CronFlow stores all job definitions in UTC internally, but accepts timezone-aware expressions using the IANA database (e.g., `America/New_York`, `Asia/Kolkata`). When you schedule `0 9 * * 1-5` in `Europe/London`, the scheduler automatically calculates the UTC offset, including DST transitions. You can also use `@reboot`-style triggers that respect the target container's local `/etc/localtime` if you enable the `host-timezone` flag in your `cronflow.yaml`.

Are there rate limits on job execution or API calls?

Yes. The Standard tier allows up to 10,000 job triggers per hour and 1,200 API requests per minute. The Enterprise tier scales to 100,000 triggers/hour with dedicated throughput. If you exceed your limit, CronFlow returns a `429 Too Many Requests` response and queues excess jobs in a safe buffer rather than dropping them. You can monitor your quota via the `/v1/usage` endpoint or set up webhook alerts using our `cronflow.quota.warn` event.

Scaling & Observability

Guidance on handling high-volume workloads, debugging failed runs, and integrating with your existing monitoring stack.

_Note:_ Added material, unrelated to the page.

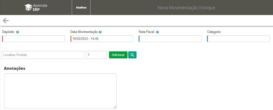 Depósito:selecionará qual dos seus depósitos o produto será movimentado; Dados da movimentação:automaticamente o sistema informará neste campo a data e hora atual, mas você poderá editar essa informação caso necessário; Nota Fiscal:informe o número de movimentação da nota fiscal equivalente a esse número de movimentação, se houver; Categoria:informe a categoria de movimentação, caso deseje.

How do I handle job failures and retries?

CronFlow implements exponential backoff with jitter by default. You can configure `max_retries`, `retry_delay`, and `backoff_multiplier` per job definition. Failed runs are automatically routed to a Dead Letter Queue (DLQ) after exhausting retries. You can inspect DLQ items via the dashboard or programmatically replay them using `POST /v1/jobs/{id}/replay`. All failure payloads include the full stdout/stderr logs and HTTP status codes if your job is an HTTP webhook.

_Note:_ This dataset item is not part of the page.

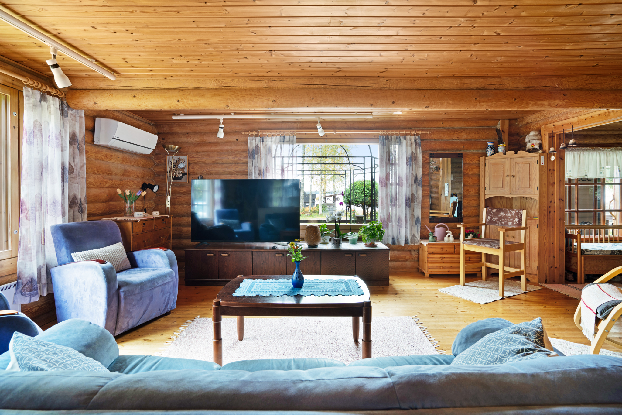 Seinät (paneeli ja hirsi), lattiat (lauta) |

Can I run CronFlow in air-gapped or private cloud environments?

Absolutely. CronFlow offers a self-hosted Docker Compose stack and a Kubernetes Helm chart. The self-hosted version includes the scheduler, worker pool, Redis, and PostgreSQL. You'll receive a local license key that bypasses cloud API calls entirely. We recommend provisioning at least 4 vCPUs and 8GB RAM for production workloads exceeding 500 concurrent executions.

How does CronFlow integrate with Prometheus and Grafana?

Every CronFlow instance exposes a `/metrics` endpoint compatible with Prometheus scraping. We publish metrics like `cronflow_jobs_total`, `cronflow_job_duration_seconds`, `cronflow_dlq_size`, and `cronflow_worker_queue_depth`. Our official Grafana dashboard (Template ID: 18742) provides out-of-the-box visualizations for throughput, latency percentiles, and failure rates. Just add the CronFlow endpoint as a Prometheus target and import the JSON.